DATASET EXTRACT:
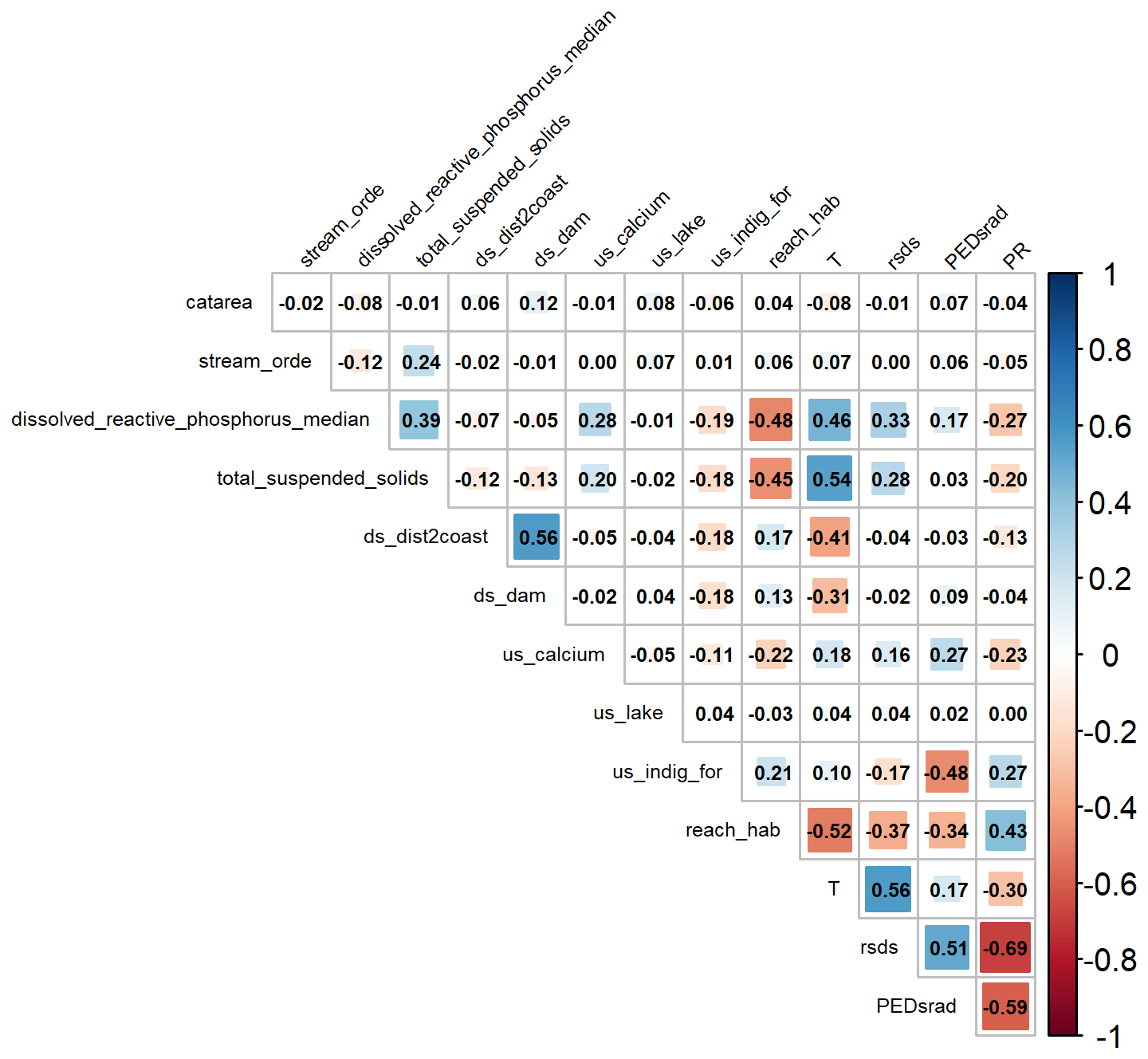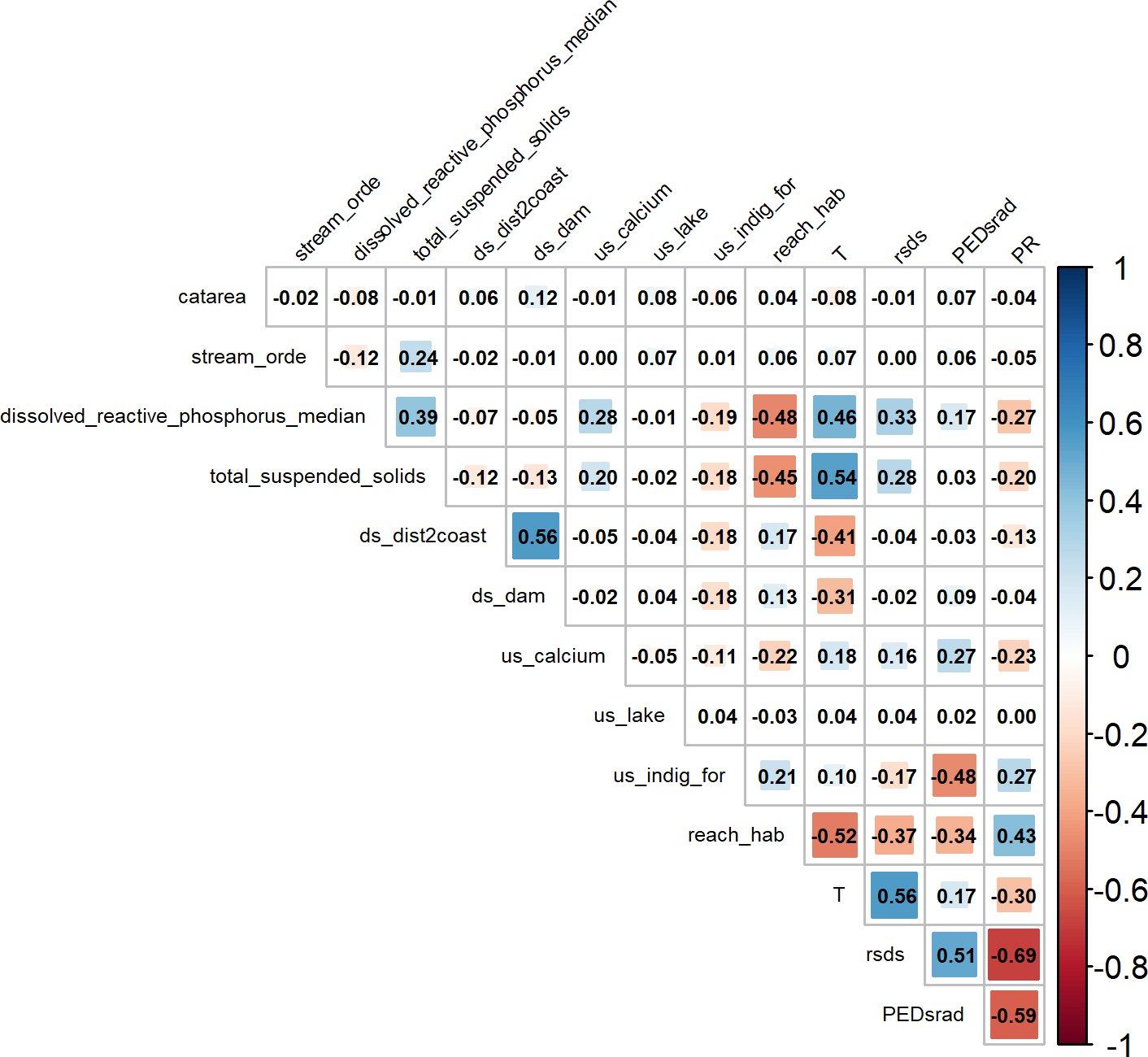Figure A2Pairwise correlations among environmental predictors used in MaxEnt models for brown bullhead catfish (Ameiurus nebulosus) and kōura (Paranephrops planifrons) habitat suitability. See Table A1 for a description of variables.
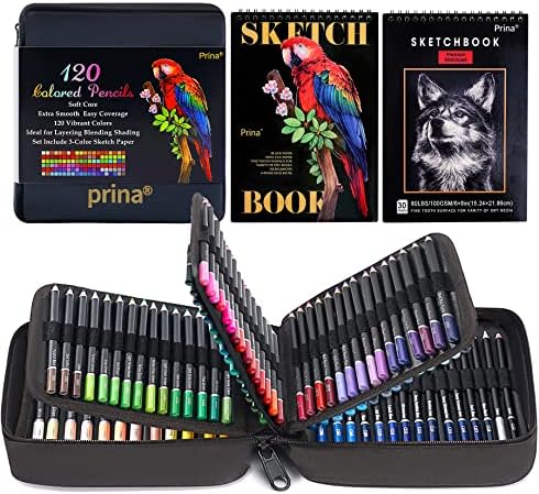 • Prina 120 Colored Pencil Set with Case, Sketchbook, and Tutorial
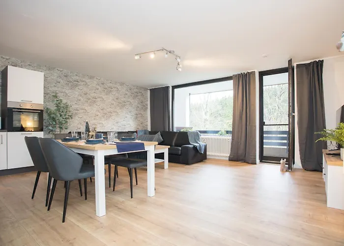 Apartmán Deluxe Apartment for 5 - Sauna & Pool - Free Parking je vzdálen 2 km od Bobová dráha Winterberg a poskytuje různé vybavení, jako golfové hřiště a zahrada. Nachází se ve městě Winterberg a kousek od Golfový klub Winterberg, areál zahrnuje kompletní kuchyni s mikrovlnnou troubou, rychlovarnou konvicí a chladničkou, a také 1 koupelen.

ABOUT THIS EXERCISE: Once the pictures are set aside, retype the rest of the listing exactly.

RESPONSE AREA:
Figure A2Pairwise correlations among environmental predictors used in MaxEnt models for brown bullhead catfish (Ameiurus nebulosus) and kōura (Paranephrops planifrons) habitat suitability. See Table A1 for a description of variables.
 • Prina 120 Colored Pencil Set with Case, Sketchbook, and Tutorial
 Apartmán Deluxe Apartment for 5 - Sauna & Pool - Free Parking je vzdálen 2 km od Bobová dráha Winterberg a poskytuje různé vybavení, jako golfové hřiště a zahrada. Nachází se ve městě Winterberg a kousek od Golfový klub Winterberg, areál zahrnuje kompletní kuchyni s mikrovlnnou troubou, rychlovarnou konvicí a chladničkou, a také 1 koupelen.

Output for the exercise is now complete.